W. Paul Reeve
History Blazer, February 1995
On July 29, 1898, Captain Richard W. Young moved a platoon from Battery A, Utah Light Artillery, into place around the Philippine capital city of Manila. Two days later Captain Young’s artillery and men proved of great service in the bombardment of Manila and the eventual capture of that city during the Spanish-American War. Young was a native of Utah and graduate of West Point whose life, in and out of the military, was marked with distinction.

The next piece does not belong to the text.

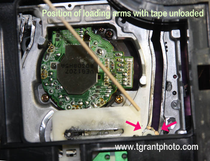 When the tape is unthreaded, the loading arms will be all the way at the bottom of the slot (see below)

He was born in the historic Beehive House in Salt Lake City on April 19, 1858, a son of Joseph and Margaret Young and a grandson of Brigham Young. At the age of thirteen Richard began working in the freight office of the Utah Central Railroad and later attended Deseret University for two years. He taught in the district school at Richfield for a brief period before being appointed as a cadet to the U. S. Military Academy at West Point in 1875. The death of his father prevented his leaving home, and instead he returned to work for the railroad. In 1878 the cadetship was again offered to him and this time he took it. He graduated fifteenth in his class and shortly thereafter married Minerva Richards with whom he parented eight children.

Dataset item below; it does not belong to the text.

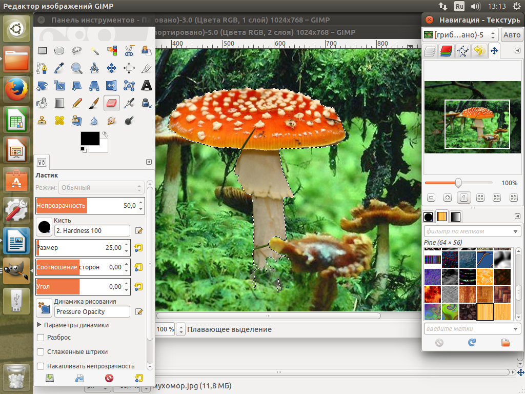 Аккуратно закрашиваем гриб кистью (при этом полупрозрачное красное выделение исчезает). Для более точного закрашивания изображение можно увеличить (используйте панель навигации) и изменить размер кисти.

In 1884 Young enhanced his military standing when he graduated from Columbia Law School. He was one of the first army officers to take a college law course, and he soon gained prominence as an army lawyer. Nevertheless, in 1888 Young resigned from the military to begin his own law practice in Salt Lake City. He quickly became attorney for several prominent Utah businesses, including the State Bank of Utah and the Utah Sugar Company. Yet, at the outbreak of war with Spain in 1898 Young felt duty bound to assist his country and volunteered for service. In addition to the capture of Manila, Young took part in nearly twenty-five other engagements in the war and the Filipino Insurrection. Following the end of hostilities he was appointed associate justice and president of the criminal branch of the Supreme Court of the Philippine Islands where he served from 1899 to 1901. In that capacity he helped prepare the Philippines’ code of government and criminal procedure.

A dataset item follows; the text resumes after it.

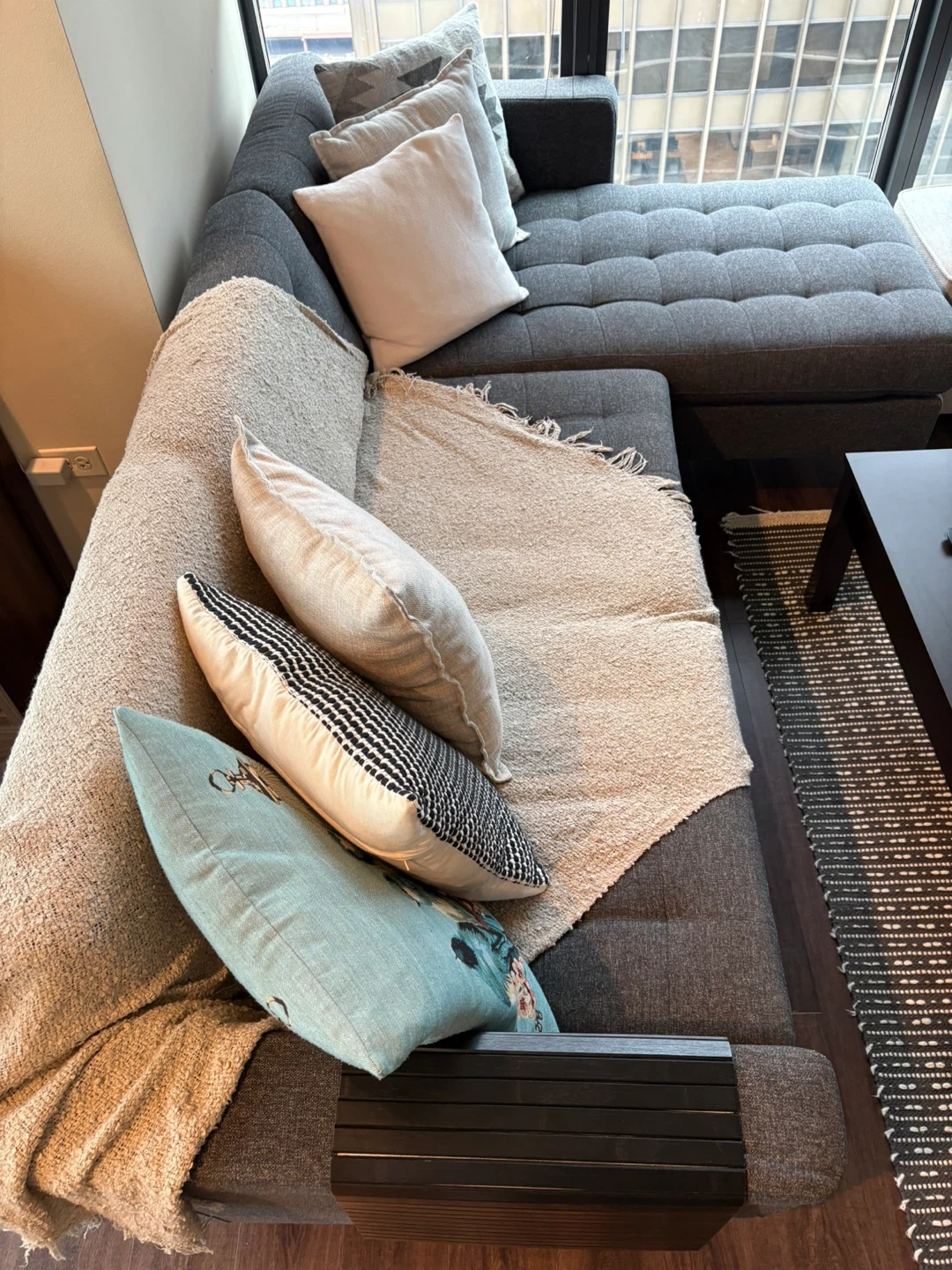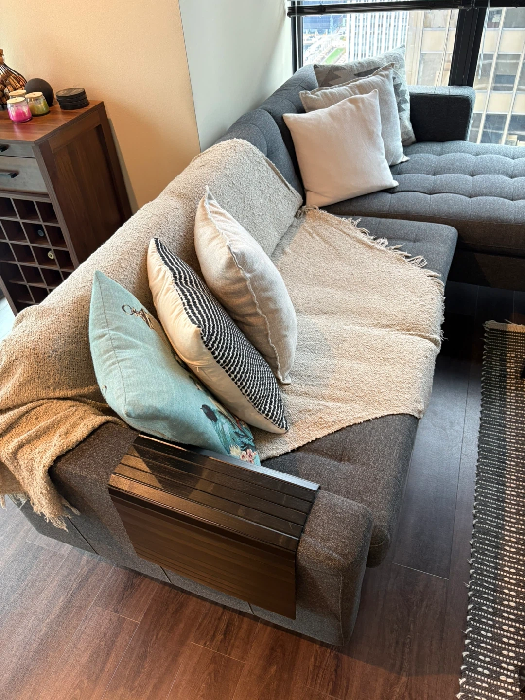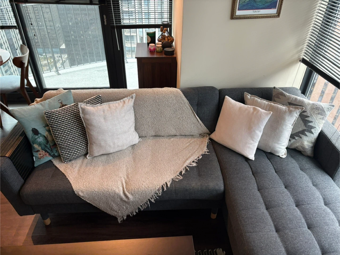 Show allIkea - Morabo Gray Sectional Sofa with Pillows & Throw

Upon his return to Utah, Young rebuilt his lucrative law practice, but war once again interrupted his life. In 1918 he was promoted to Brigadier General and placed in command of the 65th Brigade, 40th Division, American Expeditionary Forces in France during World War I. His military service was brief, and in 1919 he was again practicing law in Salt Lake City. Then, in December of that year, he suffered an appendicitis attack that ultimately brought his influential and prominent life to an end two days after Christmas.